Thursday, December 22, 2016

Kremlin has Handed Control of Religion Back to Russian Special Services, Lunkin Says

Paul Goble

            Staunton, December 22 – In the name of fighting foreign influence and without an adequate understanding of the nature of religious faith or religious organizations, the Kremlin has handed control of Russia’s religions back to the country’s special services, thus restoring  a much-criticized Soviet era practice, according to Roman Lunkin.

            In the current issue of “NG-Religii,” Lunkin, who heads the Center for the Study of the Problems of Religion and Society at the Moscow Institute of Europe, says that this is the meaning of the country’s new security doctrine, which, regarding religion, means “security from religion” (

            In one sense, this is “the most logical result of the restoration of Soviet stereotypes in Russia over the last decade,” a period in which the massive interest in religion in the 1990s largely dissipated. “But few could have predicted that as a result, there would emerge in society an unusual consciousness based on the denial of religion.”
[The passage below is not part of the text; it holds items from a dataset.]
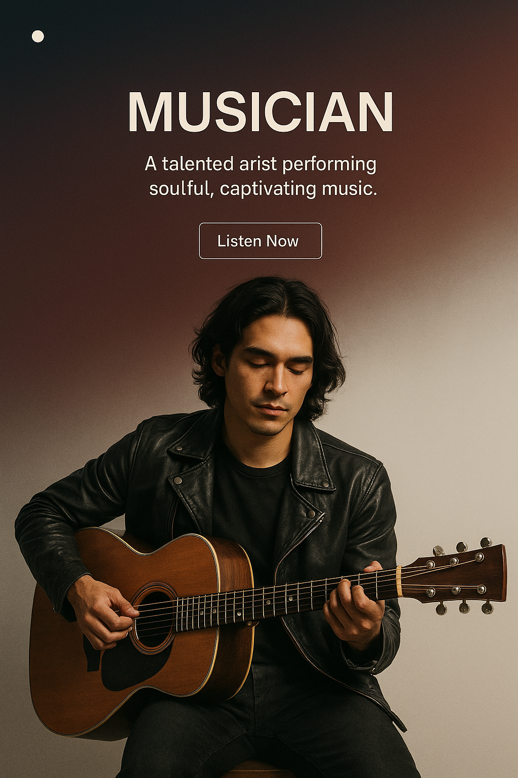 A musician in a leather jacket plays an acoustic guitar, showcasing his talent. The background features a gradient from dark to light, enhancing the visual appeal.
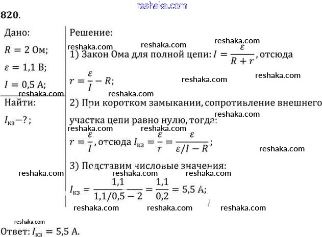 Решака - онлайн ответы Физика Рымкевич за 10-11 класс Задачник ФГОС 2013 - 820
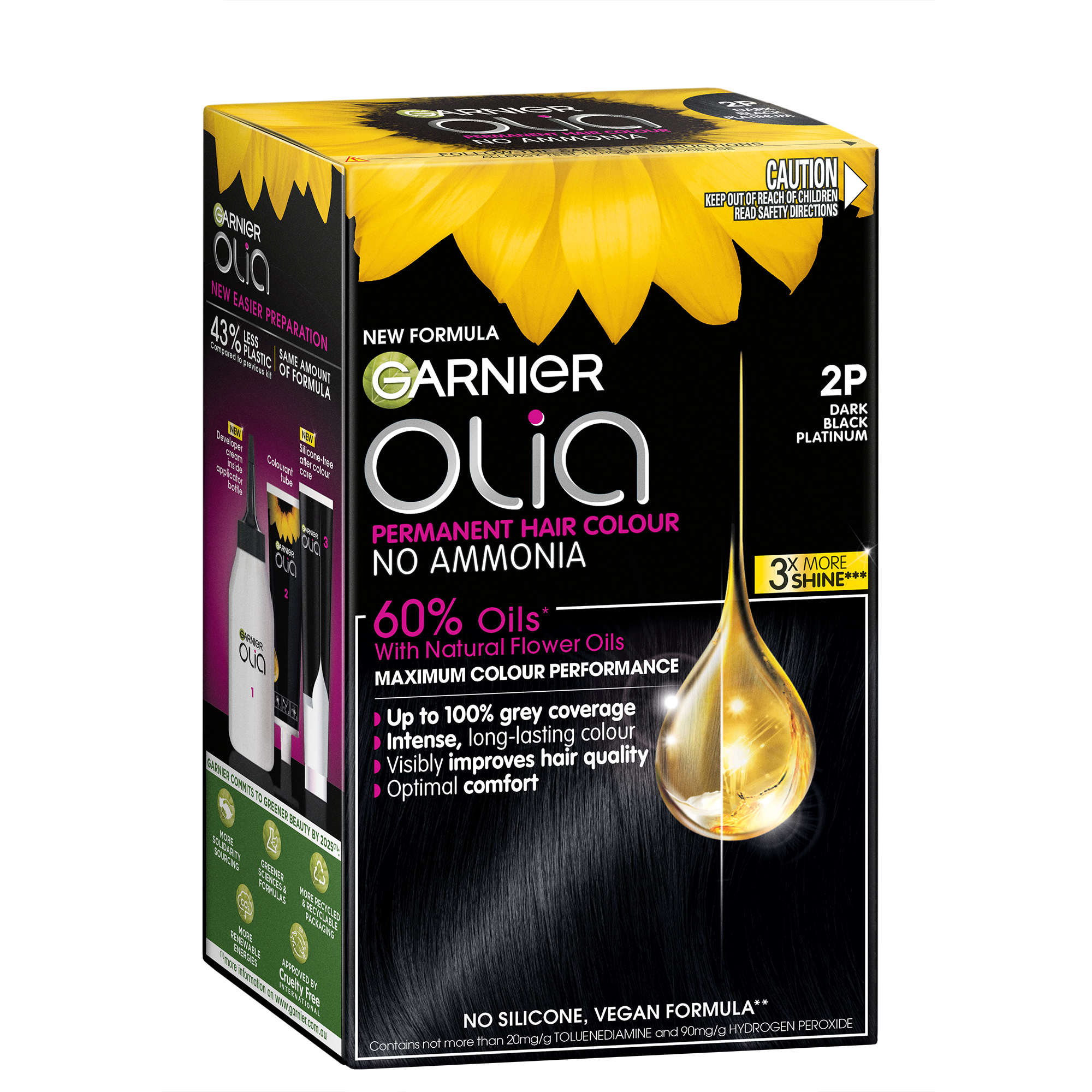 Garnier Olia 2P Platinum Black Permanent Hair Colour No Ammonia, 60% Oils

            There have been warnings about this trend before, Lunkin says. In 2007, sociologist Dmitry Furman said in a book “New Churches, Old Believers; Old Churches, New Believers” that there is too great a divide between the “’official traditional religions’” and “the ignorance of the population about practical religiosity.”

            That divide laid a delayed action mine under the relations between organized religion, on the one hand, and the population and now the Russian state, on the other. But its full extent was concealed by the rapid growth in the number of Russian Orthodox Churches (from 11,000 in 201o to 16,000 now) as well as the growth of the number of those listed as parishioners.

            But this growth would not have happened, Lunkin argues, “without the harsh interference” of the state authorities who saw the new churches as a way to control independent Orthodox activists and reduce the influence of other faiths, two serious misreadings of the outcomes of what they were doing. 

            The government’s conflict with all but the official Orthodox structures and popular support for the regime’s position grew in response with the anti-Western propaganda of the last few years and the fear, promoted by the authorities, of the spread of radicalism “on a religious basis,” either Islamic or sectarian.

            “In fact,” the religious specialist continues, “the leadership of the Russian Orthodox Church doesn’t know what to do in response to spontaneous social protest. And what it has done has often approached “the absurd.”  But the political authorities have concluded they have no choice but to support the official hierarchy and “traditional” religions.

            “The only way out which the state has found,” Lunkin argues, “is to declare the entire religious sphere potentially dangerous” and to specify in the new Doctrine on Information Security that the special services, not the usual civil authorities, are now in charge of sorting things out and thus controlling religious groups.

            That document, signed December 5, goes significantly beyond the 2000 version it replaced which only spoke of the need to counter “foreign missionaries and their ‘cultural-religious expansion on the territory of Russia from the side of other states.” In a directive released at the end of November, the MVD specified that the security organs should protect people from being pressured into non-Orthodox faiths.

            That builds on the consequences of the so-called Yarovaya package of laws and amendments adopted in July which increased penalties for missionary activity and has led to numerous arrests and trials of foreigners for simply engaging in religious activities, Lunkin points out.

            Such arbitrary actions against non-traditional faiths and “indifference to the real interests of others (traditionalists) are in and of themselves a dangerous policy, only superficially similar to the support of the balance of interests of the majority and the minority.”

            These actions reflect “a major error of bureaucrats and special services” in thinking that “non-Orthodox groups cannot develop on their own [in Russia] without foreign help.”  That is nonsense. There are now approximately 10,000 Muslim communities and about the same number of Protestant ones, and they were not all set up by foreigners.

            There is one particularly alarming immediate threat, he says.  “This is the threat of extremism on a religious basis. The current relation of the state to religion renders the authorities blind and senselessly cruel in the sphere of struggle with religious radicals … and with non-traditional believers.”

            Since about 2010, “religious policy at the regional level has been carried out by the force structures rather than by the executive authorities” such as prosecutors and the courts.  As a result, “the Constitution and the Law on Freedom of Conscience have ceased to work and officials in the localities even those well-inclined are forced to ignore all non-Orthodox.”

            That is a tragedy because “the police and officers of the special services don’t see the shades of various trends, their particular features and do not understand the network character of present-day religiosity and the psychology of fundamentalists.”  Obviously, every country must use its special services against extremists; but Russia is now using them against all believers.

            The result, Lunkin concludes, is that the authorities are laying the groundwork for “new and unpredictable conflicts” rather than for the stability and calm they say they are working to achieve.